Том 12. Преображение России - Сергей Сергеев-Ценский 5 стр.


— Ну, мы не евреи, — обиделась хозяйка. — Не нравится если вам квартира, — как угодно… — и опять вытерла губы пальцем.

Три раза заходил к Дудышкиным Коняев, познакомился с самим хозяином, железнодорожным кассиром, и так, и этак присматривался и прислушивался к нему долго, и детей рассмотрел всех вблизи, наконец переехал; и хозяевам хоть и не нравилось то, что жиличка все кашляла, но люди они были простые, думали, что зимою, когда пойдут дожди, она непременно помрет, а капитан останется у них постоянным жильцом; правда, с некоторыми странностями человек, но сразу видно, что очень серьезный, и если будет платить исправно, то даже и похвалиться можно будет при случае. «Кто, — спросят, — у вас жилец?» — «Флотский», — можно сказать без всякого уважения. — «Кондуктор, должно быть?» — «Ну, уж так и кондуктор… Капитан!..»

Потом Дудышкины увидели, что больная, немного отдышавшись с дороги, ретиво принялась хозяйничать — убирать свои комнаты, расставлять на столах безделушки, развешивать всякие вязания и кисейные скатерти и занавесочки, с вышитыми на них пышными коронами над буквами «С» и «К»; по утрам пила топленое свиное сало с молоком, к обеду жарила себе кровавый ростбиф, — вообще твердо решила времени даром не терять, а поправляться как можно скорее, иначе зачем было и ехать сюда из Кронштадта, в такую даль?

А капитан все знакомился с городом. Целые дни он ходил и ездил на трамвае, и большую сумрачную фигуру его в огромной фуражке и с козырьком, как зонт, можно было видеть то на Северной стороне и на Братском кладбище, то на Корабельной и на Малаховом кургане, то на Историческом бульваре и около пехотных лагерей и казарм.

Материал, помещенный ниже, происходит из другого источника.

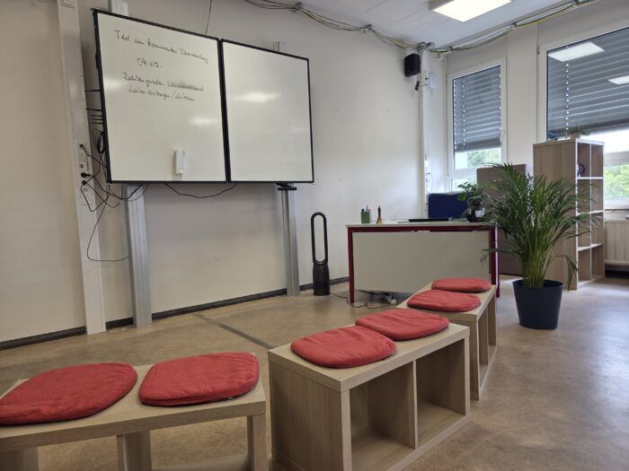 Besonders wichtig war uns die Lernumgebung: „Der Raum ist der dritte Pädagoge“ – nach diesem Motto haben wir im dritten Obergeschoss zwei moderne, miteinander verbundene Klassenräume und einen zusätzlichen Stillarbeitsraum geschaffen. Mit viel Einsatz wurden Möbel aufgebaut, Regale gestrichen und Materialien vorbereitet. Heute zählen diese Räume zu den schönsten im Haus und bieten Platz für konzentriertes, eigenständiges Arbeiten.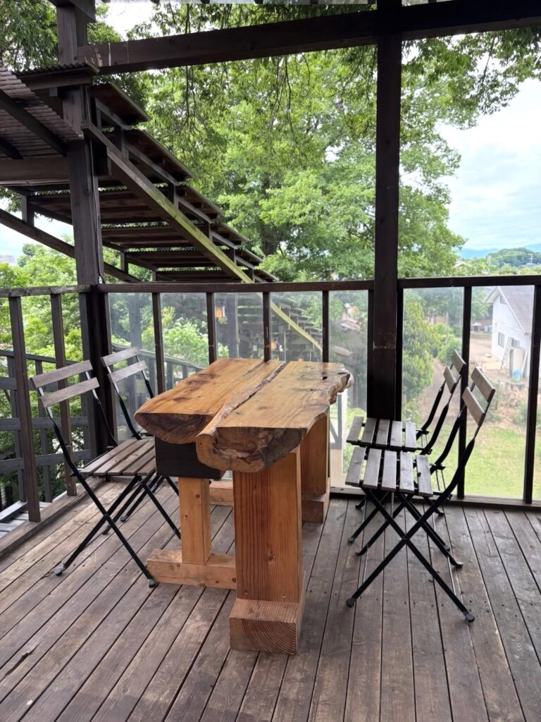 ツリーハウス2階のテラス席は椅子に子どもが立ってしまうとそのまま手すりにもよじ登れてしまうから目を離さないように気を付けてね!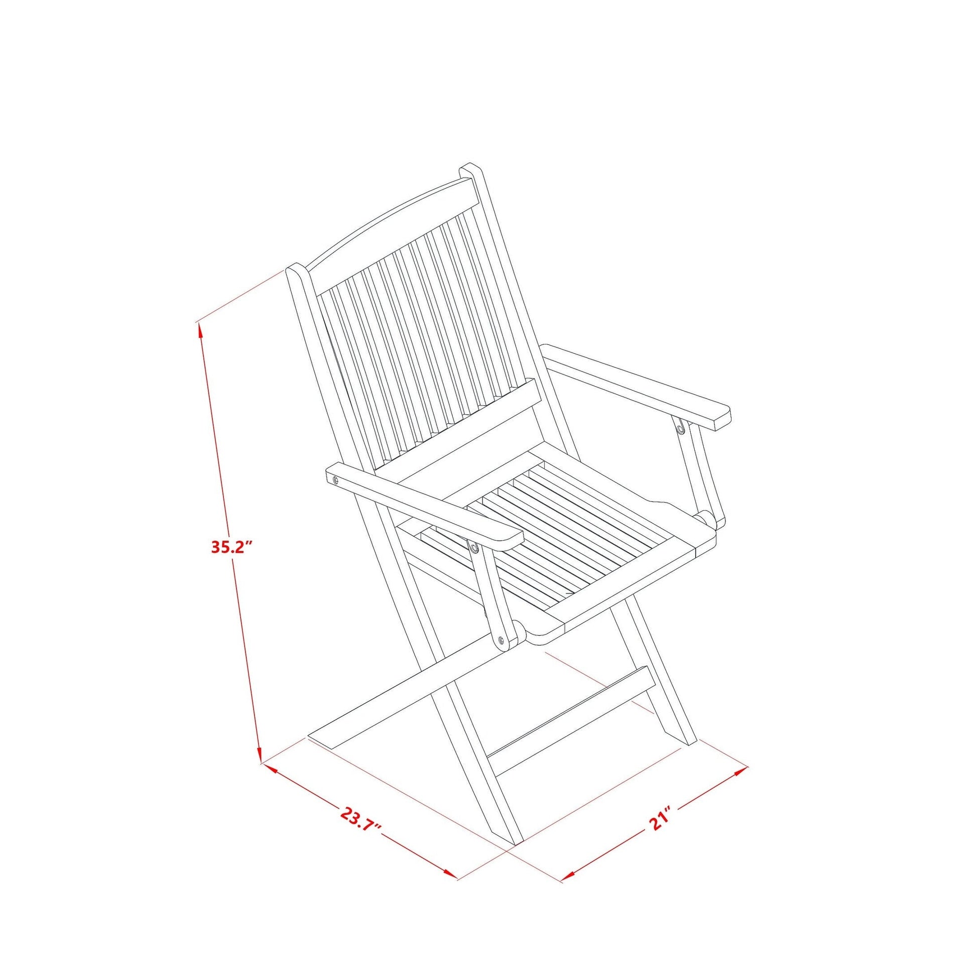 East West Furniture 3 Piece Wood Folding Table Set- a Outdoor Acacia Wood Coffee Table and 2 Folding Arm Chairs, Natural Oil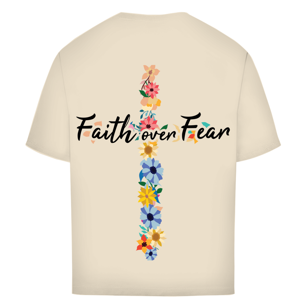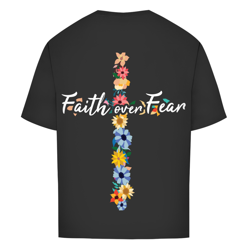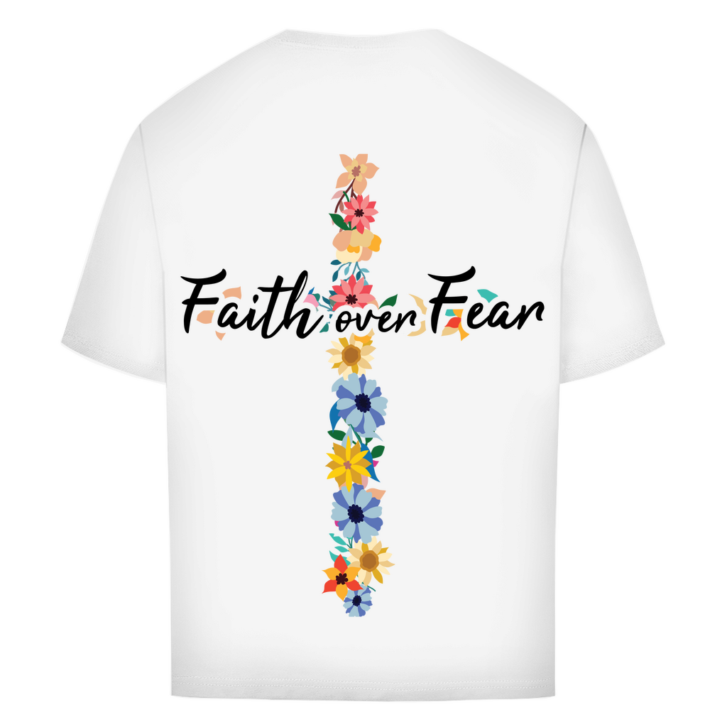 Oversize T-Shirt faith over fear blumen kreuz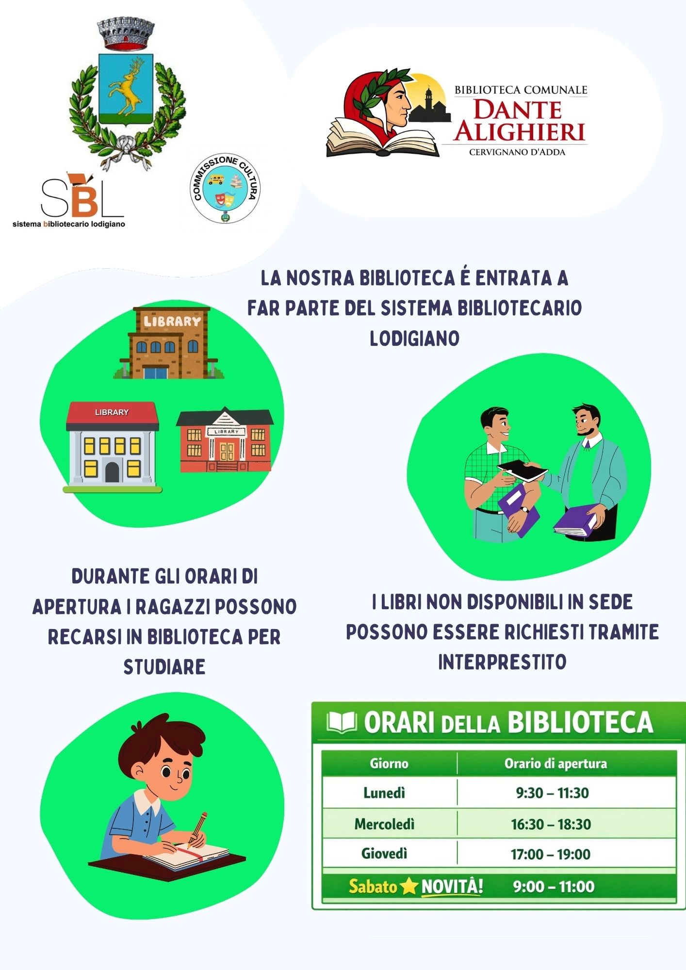 LA NOSTRA BIBLIOTECA E' ENTRATA A FAR PARTE DEL SISTEMA BIBLIOTECARIO LODIGIANO.

Пехотные солдаты здесь были ему противны, но ведь и вообще пехота — что же она такое? Ведь это же заведомая разная смесь. Матросы же и здесь были такие же, как и в Порт-Артуре, Владивостоке и Кронштадте, — отборные русские люди, гладко выбритые, чисто одетые, ловкие, дюжие, сердцееды, божья гроза молодых горничных, кухарок и нянь. Наблюдал ли он их часами с Приморского бульвара на ученьи на палубах близко стоящих на внутреннем рейде судов, встречался ли он с густой лавиной их на улицах или в каком-нибудь из садов с дамами сердца и с полными горстями семечек в левых руках, он только около них не чувствовал своей тоски за Россию: если есть еще такие вот молодцы, подлинно русские люди, матросы, — значит, жива Россия!

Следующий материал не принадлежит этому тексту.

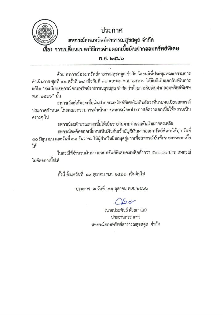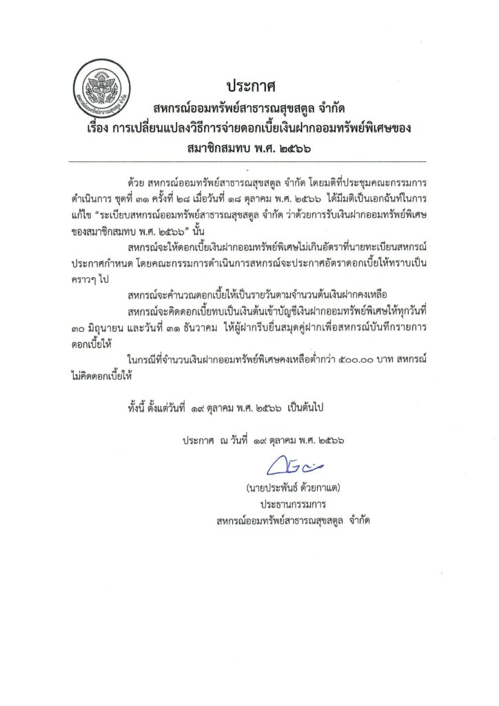 ประกาศ เรื่อง การเปลี่ยนแปลงวิธีการจ่ายดอกเบี้ยเงินฝากออมทรัพย์ พ.ศ. 2566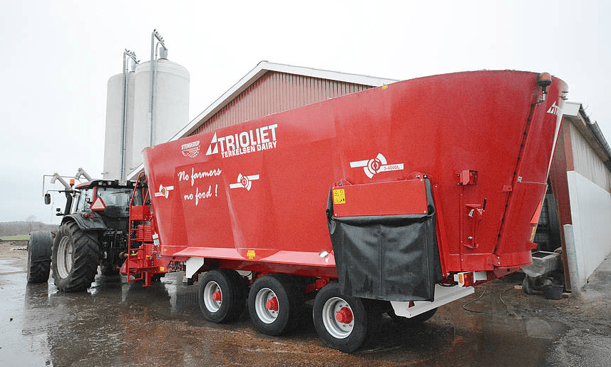 Vu que le cheptel est réparti sur trois sites différents, la nouvelle mélangeuse devait être adaptée au transport routier. Monsieur Terkelsen cherchait en outre une machine polyvalente, qui permette aussi de procéder au paillage des bâtiments abritant le jeune bétail. Il a fait part de ces souhaits à Stenderup, un importateur de la technique de fourrage Trioliet. Sur ses conseils, Henrik Terkelsen a acheté une Solomix P3 4000L ZKX-TR, une mélangeuse très résistante avec pailleuse.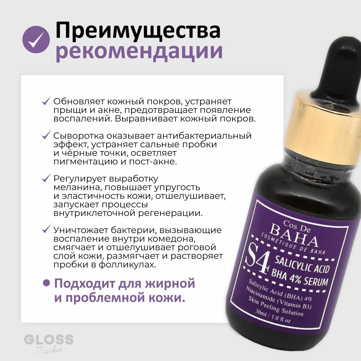 COS DE BAHA Salicylic Acid 4% Serum Сыворотка для жирной кожи лица с салициловой кислотой, 30 мл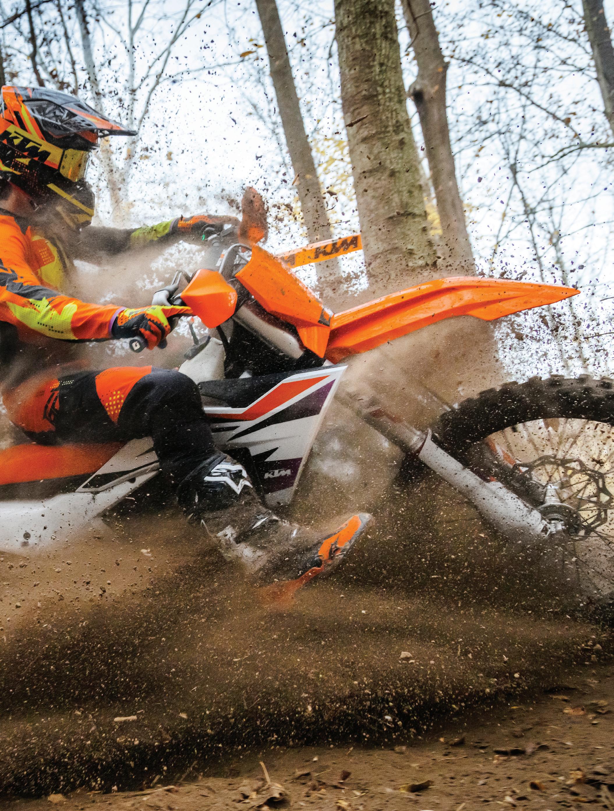 Maximum power at the least possible weight, amplified by an all-new closed cartridge spring fork and cross-country specific suspension settings, the 2024 KTM 300 XC is a power-packed frieght train equipped to dominate on race weekend. SEE

И в минуты тоски тягчайшей, — а такие минуты бывали у него иногда, когда казалось ему, что вот уже захлестнуло и кончено, и России никакой нет, — погибла от потопа отовсюду хлынувшей инородщины и смеси, — в такие минуты ему казалось единственно возможным вмешаться в густую толпу этих молодцов с «Евстафия», с «Ростислава», с «Очакова» и крикнуть: «Братцы, спасите!»

Такие минуты кончались у него или сильнейшей головной болью, или глубоким обмороком на целый день, и, предчувствуя их с утра, он приучился уже в такие дни не выходить совсем, а если и выходить, то куда-нибудь недалеко от дома.

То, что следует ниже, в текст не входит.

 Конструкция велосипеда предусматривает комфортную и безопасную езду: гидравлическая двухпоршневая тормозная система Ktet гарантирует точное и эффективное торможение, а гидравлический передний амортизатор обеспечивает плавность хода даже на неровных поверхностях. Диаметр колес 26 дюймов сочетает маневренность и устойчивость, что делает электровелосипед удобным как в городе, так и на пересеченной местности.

Морское собрание, куда он два раза заходил обедать, показалось ему хуже кронштадтского: меньше и как-то серее. В первый раз он, угрюмо и с большим достоинством держась, только наблюдал всех кругом. Многие были уже с боевыми наградами, даже трех георгиевцев заметил Коняев: двух лейтенантов, должно быть с миноносцев, или летчиков, и одного капитана 1-го ранга. Точно строгий инспекторский смотр производил он им всем. Чувствовалась в них во всех какая-то необстрелянность, несмотря на боевые награды, и так же, как и в Балтийском флоте, много показалось остзейцев.

Во второй раз он вздумал разговориться с соседом, тоже капитаном 2-го ранга, простым и добродушным молодым еще офицером, по виду из тульских или калужских дворян.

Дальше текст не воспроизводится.